Training programs for the rowing machine

To get the most out of your rowing machine, it's helpful to vary your training programs. The Horizon Oxford II offers various resistance levels and training modes that you can use to tailor your workout to your needs.

1. Endurance training

To improve your endurance, aim for longer, moderate workouts. Use a medium resistance level and row for between 20 and 60 minutes.

2. Interval training

Interval training is an excellent way to increase your fitness and burn fat at the same time. Alternate between intense 30-second rowing sessions and 1-2 minute recovery periods.

3. Weight training

To specifically strengthen your muscles, increase the resistance on your Horizon Oxford II and row with more weight. Focus on shorter, more intense sessions.

The benefits of rowing training

Training with a rowing machine has numerous health benefits:

  • Improve cardiovascular fitness
  • Strengthening the muscles, especially in the back, abdomen and legs
  • Increase joint flexibility
  • Optimization of posture and coordination

Common mistakes when rowing

There are some common mistakes you can make when using a rowing machine. Here are some tips to help you avoid them:

  • Posture: Make sure your back stays straight and doesn't hunch.
  • Foot position: Make sure your feet are securely seated in the footplates.
  • The pulling movement: Don't just use your arms, but also activate your legs.

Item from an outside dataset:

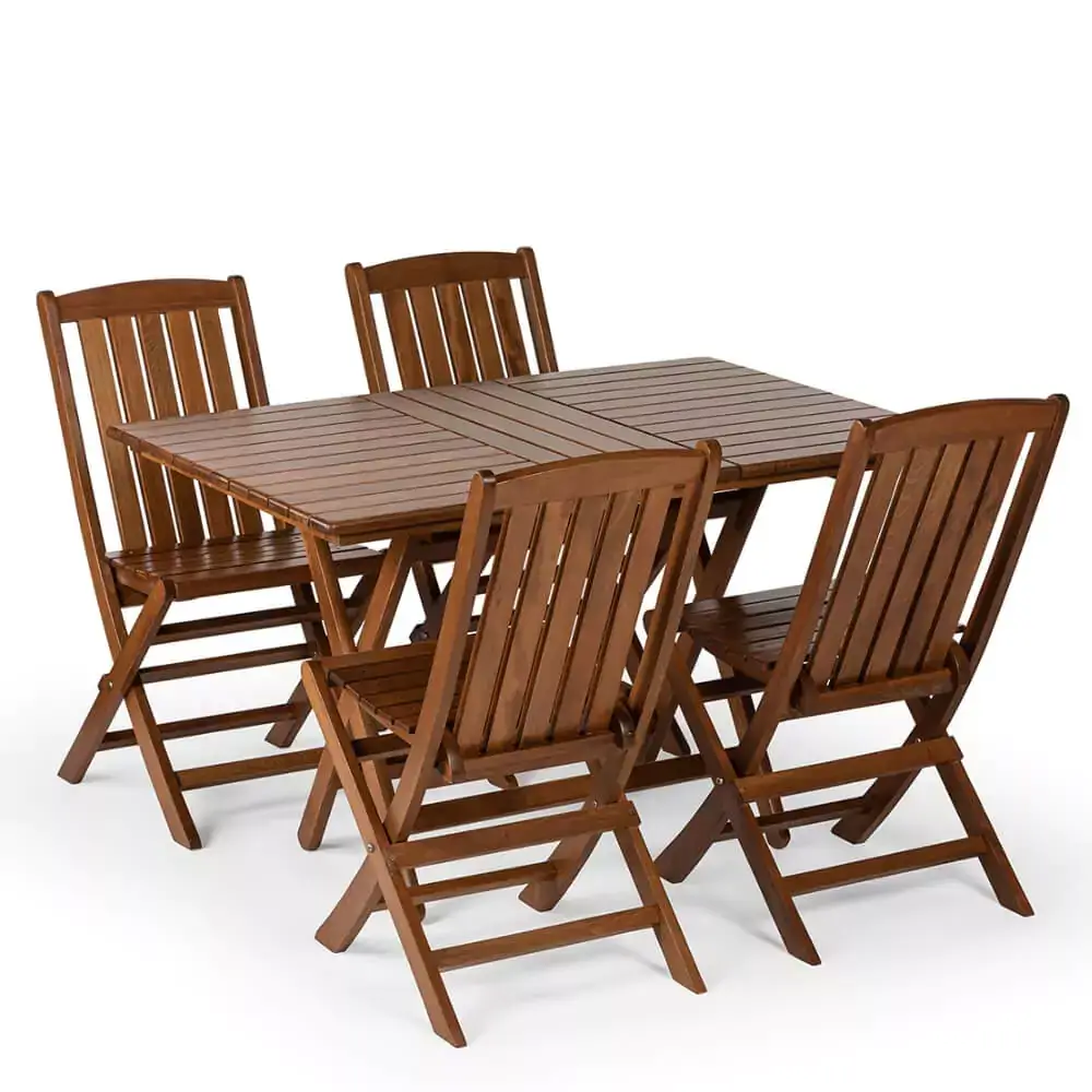 El juego de jardín modelo KLE 11 para 4 personas está compuesto por una mesa plegable Athens de 80x140 cm y 4 sillas plegables Acropol. Si lo desea, puede crear su propio conjunto con nuestros otros modelos de mesa y silla de madera de acuerdo con el tamaño del espacio en el que desea utilizar muebles de madera. Disponemos de modelos plegables o fijos de nuestras sillas y mesas de madera. Muebles de jardín de madera 1.la clase está hecha de madera de carpe horneada. Para una apariencia más elegante y de alta calidad en la mesa, puede elegir vidrio templado y pulido en colores transparentes y ahumados, y puede elegir cojines en las sillas.

Additional exercises for your training

To optimally complement your workout on the Horizon Oxford II, you can also incorporate other exercises into your routine. Here are some ideas:

  • Plank exercises for core stability
  • Push-ups to strengthen the upper body
  • Squats to strengthen the legs

Conclusion

The Horizon Oxford II rowing machine is an extremely effective training device that can help you achieve your fitness goals. With the right technique, tailored training programs, and attention to common mistakes, you can get the most out of your training. Whether you want to improve your endurance or build muscle, the Horizon Oxford II is the perfect solution.